Food processing is a
set of methods and techniques used to transform raw food ingredients into
consumable food. Food processing can be as simple as cutting up some vegetables
to prepare a salad, or as complex as manufacturing aTwinkie
in
multiple processing facility.
From the early days
of food processing, the primary goal was to extend the life of a foodstuff, by
acting as a preservative. This helped balance humans’ need to eat daily with
nature’s trend to provide crops only during certain times of the year. To this
day, extending shelf life is one of the most important reasons food
manufacturers add so many weird sounding ingredients to products.
One of the first
forms of food processing, dating back to BC, was the salting of meats as a
means of preservation. Sugar was introduced much later as a preservative for
fruit, and thus the jam was born. Keeping food cold, either underground, or by
using ice, was an effective, if primitive method of preservation until the
ascent of ice boxes and recently electrical refrigeration.
In the early 19th
century, a new technology was introduced to vacuum bottles of food for French
troops. It would lead to the use of tin cans a decade later and thus the
canning industry was born.
Pasteurization,
another French invention from the mid 19th century, greatly improved the safety
of milk and milk products, as well as increasing their shelf life. (We won’t
get into the raw milk debate in this post).
It was only in the
industrialized 20th century, and more prominently after World War II, that a third
and crucial factor became the driving force behind food processing –
convenience.
With legions of moms
joining the work force, there was less time to toil in the kitchen, and a
demand for quick, easy to prepare foods skyrocketed.
Additional benefits of
food processing include lower prices to consumers due to the economies of scale
of mass manufacturing, increased availability of a wide variety of foods, and a
consistency in taste, texture, and mouth feel.
With so many
advantages to food processing, one may ask why is almost every other American
so bearish on processed foods?
Here are a few
reasons:
The further a food
product is from its natural form, the less it retains its healthful nutritional
properties. Vitamins evaporate, minerals are leached, and fiber is long
forgotten.
True, the decrease
in nutrients has led to enrichment and fortification, but these add only a
small number of nutrients back to a product, where hundreds of others are lost
in translation from the original orange to the orange drink in a plastic
bottle.
Increasing shelf
life requires the use of preservatives, whether natural ones such as salt, or
artificial chemicals that have more specific functions (mold inhibitors,
bacteria killers, antioxidants, antimicrobial chemicals, etc…). Some of
these preservatives have adverse side affects on some or all human populations.
In order to make
food more palatable and attractive, additives are used. Food colorings are a
huge category of additives. The color of a food is an important psychological
consideration. But in many cases, the color of the processed product is not as bold as expected by the consumer.

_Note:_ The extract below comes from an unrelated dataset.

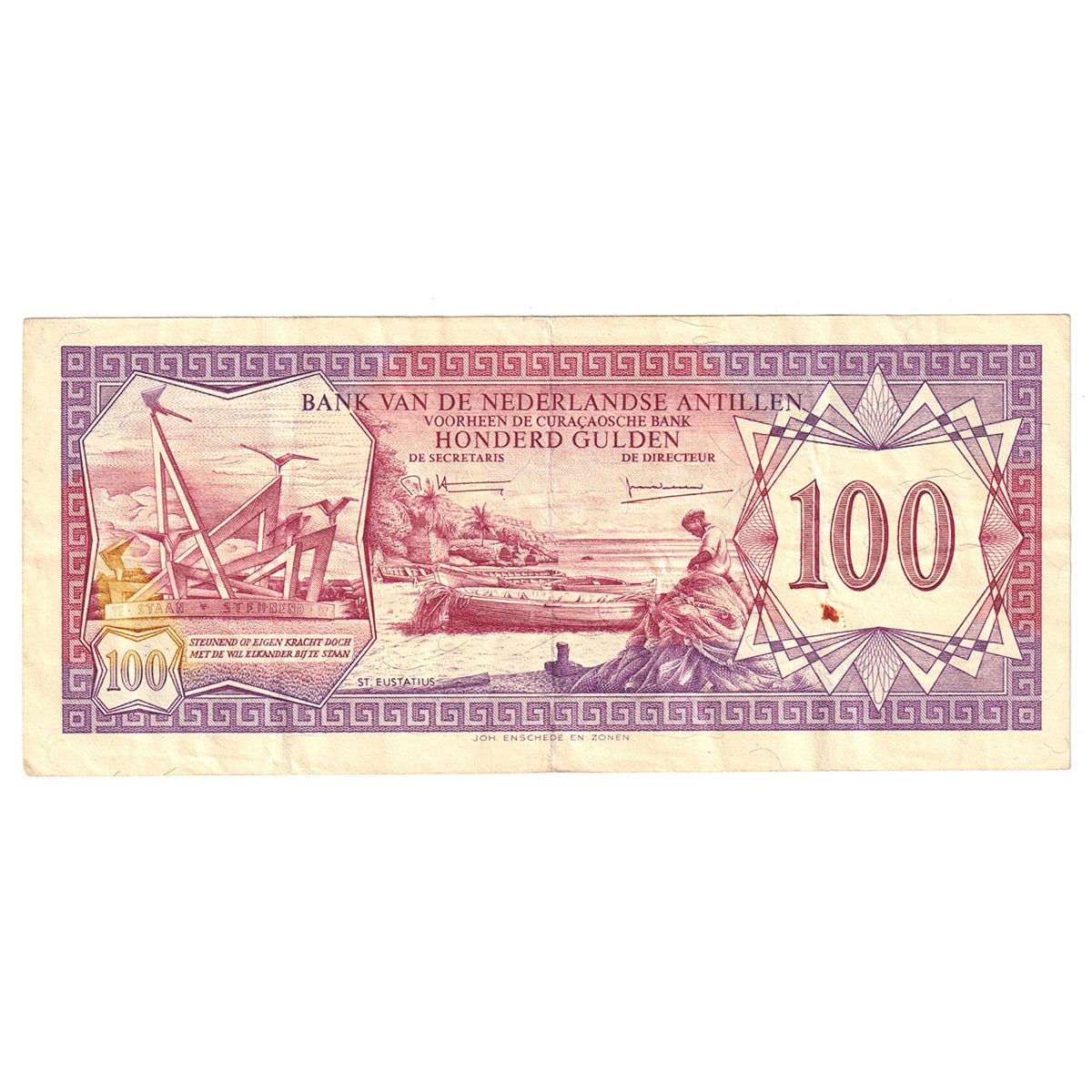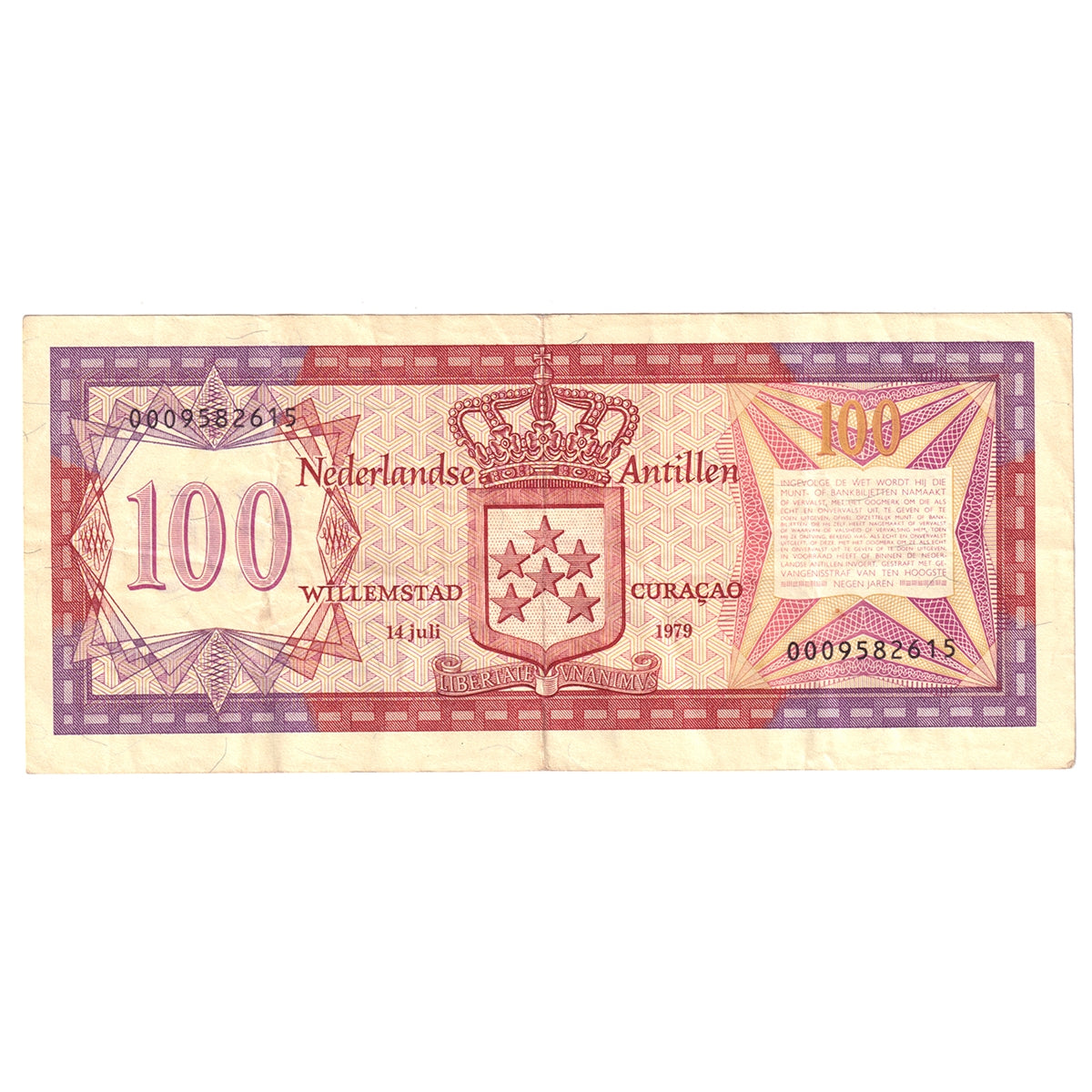 Netherlands Antilles Note, 1979 100 Gulden, Pick #19a, VF (Stain)

Take strawberry yogurts. Almost all manufacturers add some sort of coloring,
whether a natural red color such as beet juice, a natural but quirky bug juice,
or artificial Red #40. Despite studies that have shown correlation between food
colorings and cognitive problems in children, the food industry uses them
because they are cheaper than natural sources.
And since cost has
become a driving factor in consumer consideration, food companies are
constantly on the lookout for cheaper manufacturing techniques and cheaper
source ingredients. Anything that can be made in a lab is cheaper than a
naturally sourced ingredient. Substituting quality ingredients with cheaper or
inferior standbys is the only way to keep prices down. Don’t even ask what
parts of animal carcasses go into your baloney.
Farm subsidies in
the US have made corn and soy products very cheap. Guess what – soy oil and
high fructose corn syrup are found in many processed items. They add the fat
and sweet components that make so many junk foods tasty to us. Salt is natural
and cheap, but excessive consumption causes hypertension and other health
problems.
We haven’t talked
about processing that takes place before the “ingredients” are harvested (GMO
crops, hormones and antibiotics to for livestock, etc..), but these too are
affecting the food we eat, in ways that science has yet to get a full grasp of.